# [Dataset extract]

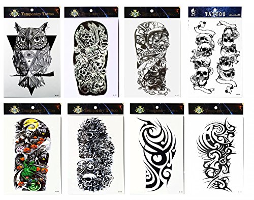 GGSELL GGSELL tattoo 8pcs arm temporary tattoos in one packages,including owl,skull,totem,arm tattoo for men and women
--
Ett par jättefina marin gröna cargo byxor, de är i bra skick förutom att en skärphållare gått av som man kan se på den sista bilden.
==
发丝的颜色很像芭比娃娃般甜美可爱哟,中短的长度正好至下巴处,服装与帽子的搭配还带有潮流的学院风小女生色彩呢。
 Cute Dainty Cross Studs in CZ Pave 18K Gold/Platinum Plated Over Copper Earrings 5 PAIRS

# [What is required]
Look above for the line containing "发丝的颜色很像芭比娃娃般甜美" and the line containing "Cute Dainty Cross". Transcribe both, with the lines between them, exactly.

# [Solution]
发丝的颜色很像芭比娃娃般甜美可爱哟,中短的长度正好至下巴处,服装与帽子的搭配还带有潮流的学院风小女生色彩呢。
 Cute Dainty Cross Studs in CZ Pave 18K Gold/Platinum Plated Over Copper Earrings 5 PAIRS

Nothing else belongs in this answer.